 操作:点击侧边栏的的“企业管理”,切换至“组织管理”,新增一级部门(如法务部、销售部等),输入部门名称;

• • • •

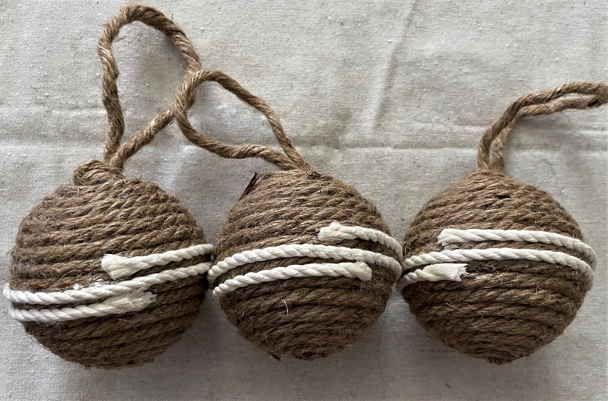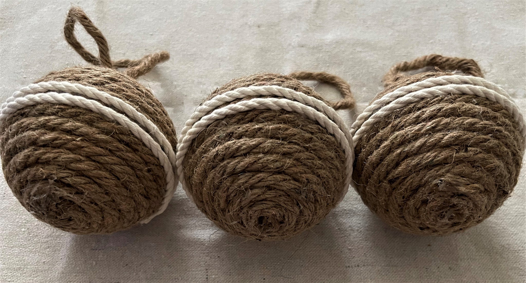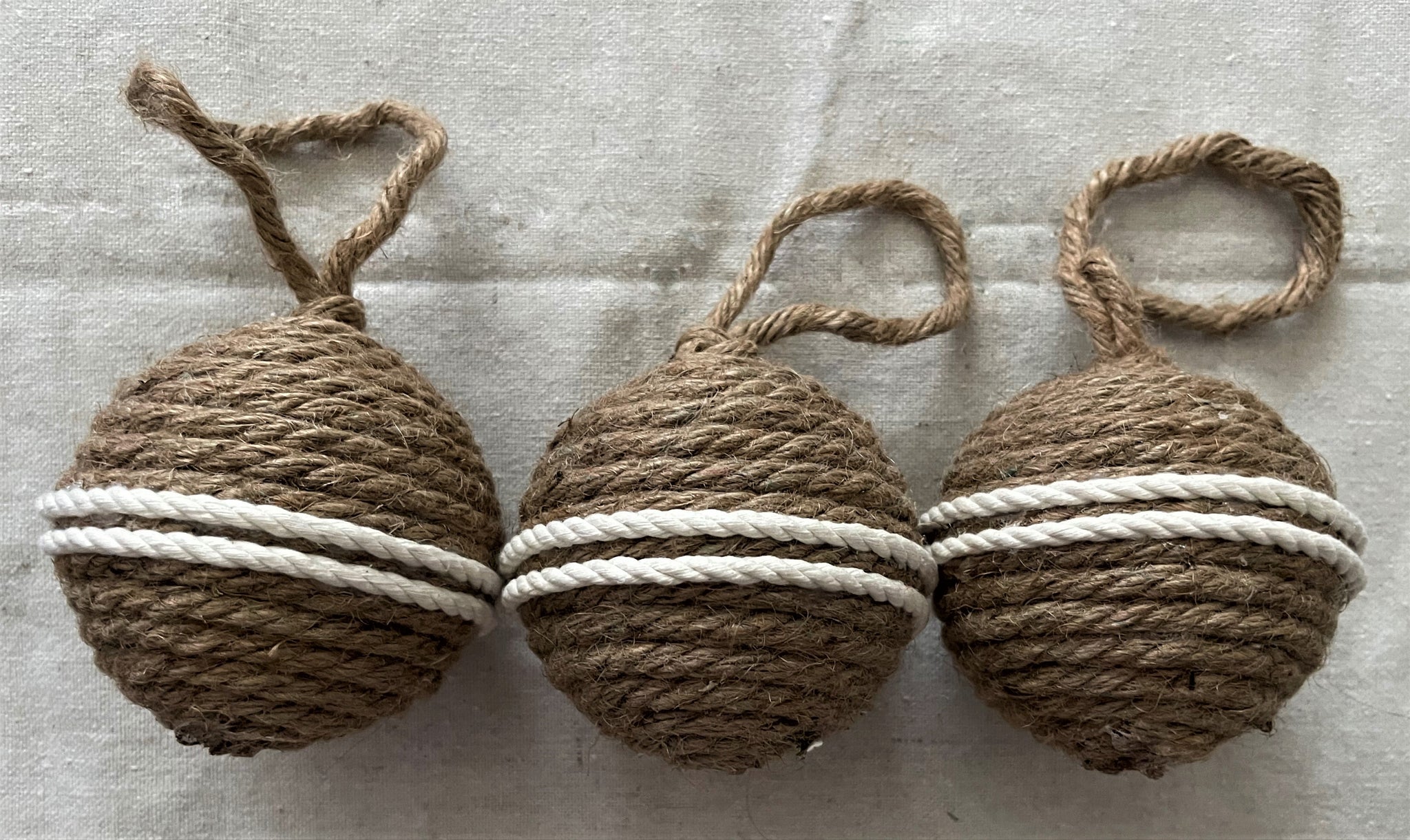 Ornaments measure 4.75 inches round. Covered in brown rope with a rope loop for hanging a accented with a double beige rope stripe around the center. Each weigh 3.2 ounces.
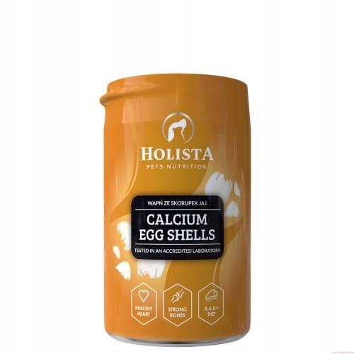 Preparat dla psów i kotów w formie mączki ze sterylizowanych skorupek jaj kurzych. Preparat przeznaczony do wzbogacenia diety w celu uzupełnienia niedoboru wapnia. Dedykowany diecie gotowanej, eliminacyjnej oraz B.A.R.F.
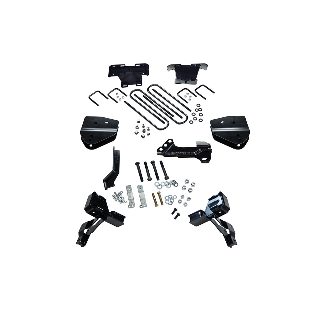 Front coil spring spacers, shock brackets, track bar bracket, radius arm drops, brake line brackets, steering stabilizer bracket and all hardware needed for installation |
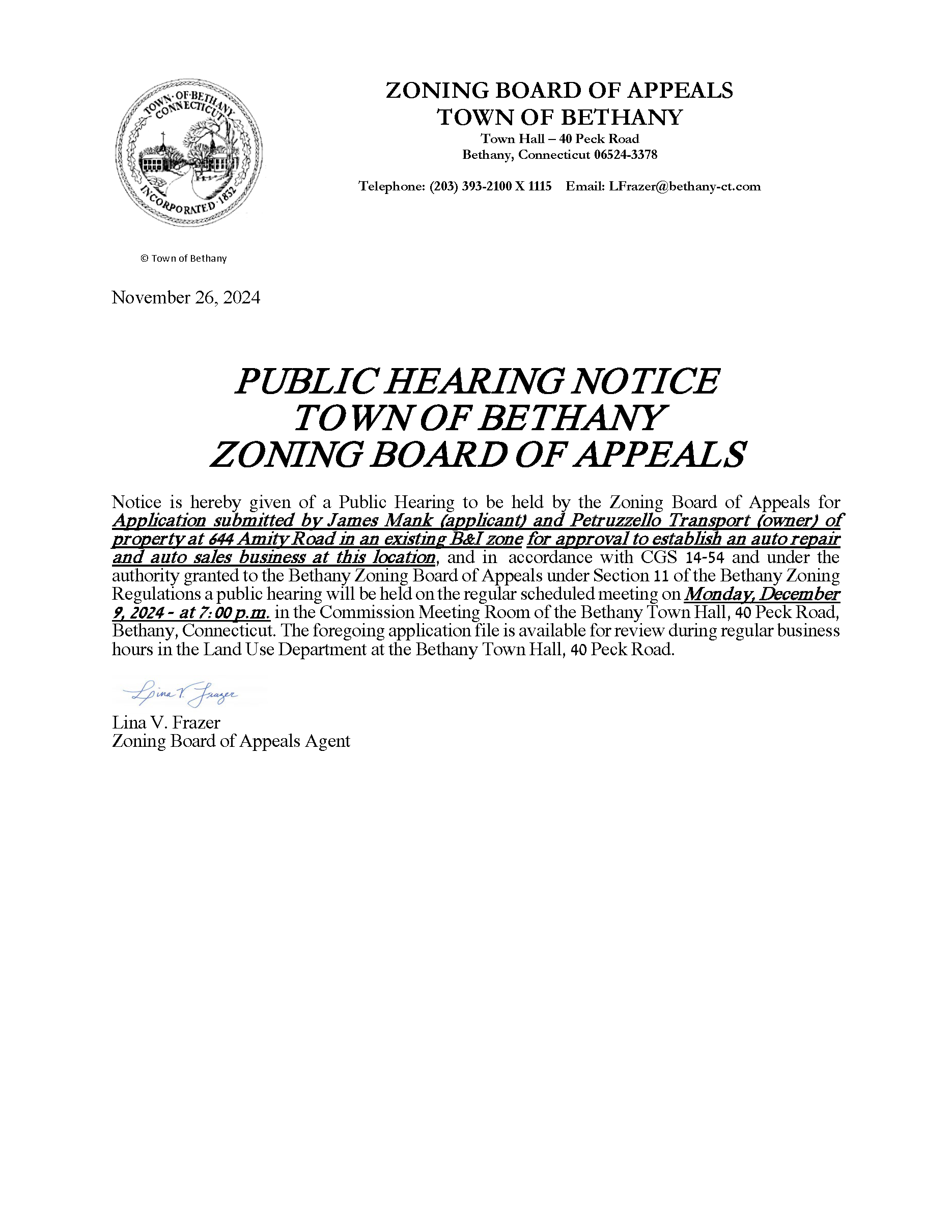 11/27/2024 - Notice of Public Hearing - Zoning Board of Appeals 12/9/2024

• • • •

_Work instruction:_ The output is the stretch above from the line with "Ornaments measure 4.75" through the line with "11/27/2024 - Notice", copied word for word with both ends kept and every picture dropped.

_Reply to the task:_
 Ornaments measure 4.75 inches round. Covered in brown rope with a rope loop for hanging a accented with a double beige rope stripe around the center. Each weigh 3.2 ounces.
 Preparat dla psów i kotów w formie mączki ze sterylizowanych skorupek jaj kurzych. Preparat przeznaczony do wzbogacenia diety w celu uzupełnienia niedoboru wapnia. Dedykowany diecie gotowanej, eliminacyjnej oraz B.A.R.F.
 Front coil spring spacers, shock brackets, track bar bracket, radius arm drops, brake line brackets, steering stabilizer bracket and all hardware needed for installation |
 11/27/2024 - Notice of Public Hearing - Zoning Board of Appeals 12/9/2024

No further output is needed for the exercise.